Many new tanks are different, as they have a much greater change in buoyancy, and greater negative buoyancy. So you must compensate with the weights you have for the tank's negative buoyancy, and remember to be heavy at the beginning of the dive because you typically gain seven or so pounds of buoyancy due to the tank's increased buoyancy with decreased pressure. This is why I still prefer the older tanks, ones before the current "low pressure" tanks. Now, "low pressure" tanks are 3000 psig, and High Pressure tanks are what? 3800 psig, 4000 psig, 4400 psig? My low pressure tanks are my twin 45s, which are 1800 psig. They therefore do not increase in buoyancy greatly, whereas today's gain greatly in buoyancy.

So the above buoyancy check has become more or less obsolete, in instructional agencies minds.
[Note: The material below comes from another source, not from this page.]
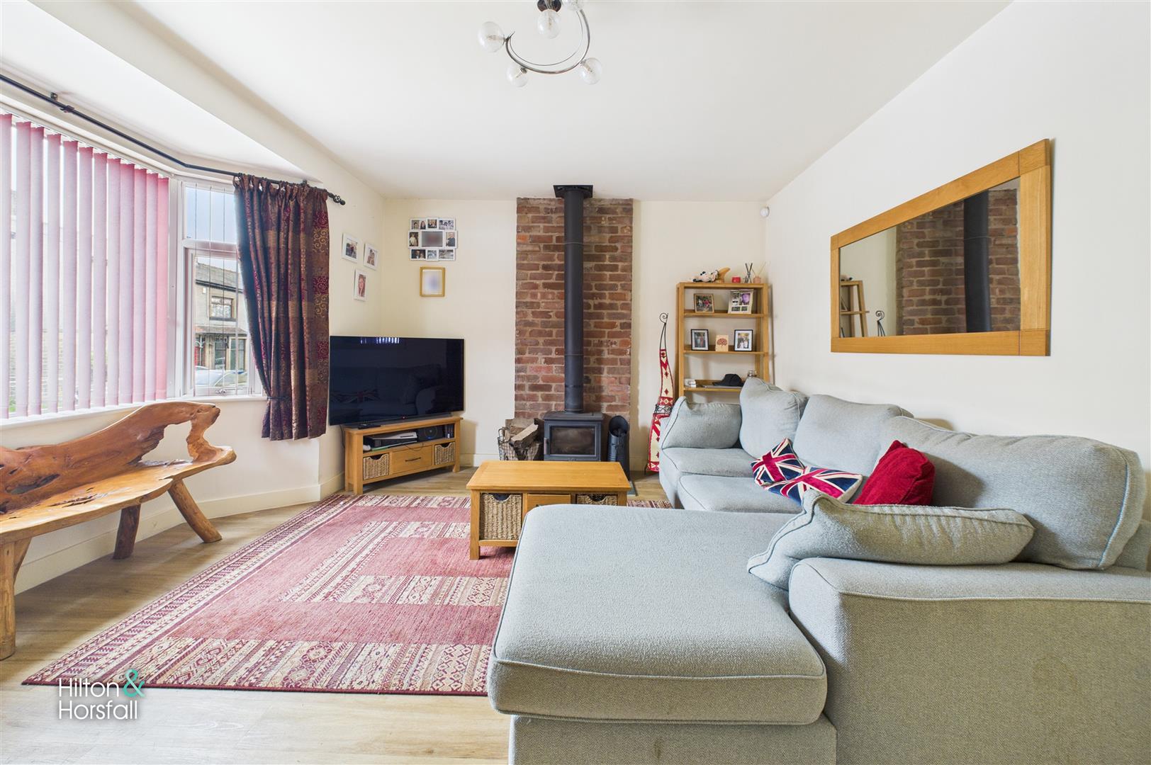 A warm and welcoming main reception room featuring a charming exposed brick chimney breast with a wood-burning stove as its focal point — perfect for cosy evenings. A large bay window allows plenty of natural light to flood the space, creating a bright and inviting atmosphere, while the open-plan feel and neutral décor offer excellent versatility for a range of furnishings and layouts. This is a superb space for both relaxing and entertaining.

If you want to experience this, get an old steel 71.2 cubic foot tank, and a backpack, and dive it without a wet suit. You will see that at the beginning of the dive, you will be just a bit heavy (heavier than the above buoyancy check, perhaps, depending upon your build). This tank is slightly negative (a pound or so), empty in salt water, and just a bit heavier in fresh water. The buoyancy characteristics were designed for a diver without a wet suit or a BC (it was designed before BCs existed). Divers in that era were more streamlined, and swam easier, than today's divers with the huge BCs and harnesses, and four hoses coming out of one single hose regulator (they actually used to be single hose regulators).

That's the technique, and some of the history behind it.

SeaRat
 
Thanks for the info. If I understand this is really an equipment specific technique. As such unless the tank and the rest of the kit have different characteristics it will have to be modified.

So, with the probably most common tank today, AL80, one would have to carry extra weight to offset the positive buoyancy at the end of the dive. Therefore, at the beginning of the dive one would either need large lungs or a bit of air in the BC.

Thanks for the useful info.
 
I use the technique all the time with my 3000 psig AL80s (I have two). I have to add about three pounds to my weight belt though.

John
 
John C. Ratliff:
I use the technique all the time with my 3000 psig AL80s (I have two). I have to add about three pounds to my weight belt though.

John

What I meant was that controlling buoyancy with no additional weight as you first mentioned was equipment dependent. With tanks that have end-of-dive positive buoyancy a person would need to carry enough weight to offset that amount of buoyancy.

With that in mind, actually we use the same technique. I can usually keep myself on the surface with no air in my BC by careful breathing. Then, to go down I just exhale. I use a bit more weight than you. But the principle is the same. One has to somehow have enough negative buoyancy on board to handle the positive buoyancy at the end of the dive.

I adjust for sea state, etc. to be sure I can do the controlled stops the dive plan calls for. Sometimes at the beginning of the dive I need to swim down, especially if I'm wearing a lot of neoprene, or I have a lot of retained air in my lungs from heavy exertion on the surface. But those, to my mind, are just intelligent adjustments to meet the circumstances. The principle is unchanged.

Thanks for the insights.
 
You're welcome! I think we are on the same track. One thing to realize is that I have a 6 liter lung vital capacity, so when I exhale, I can loose a bit of buoyancy. Others may experience it a bit differently.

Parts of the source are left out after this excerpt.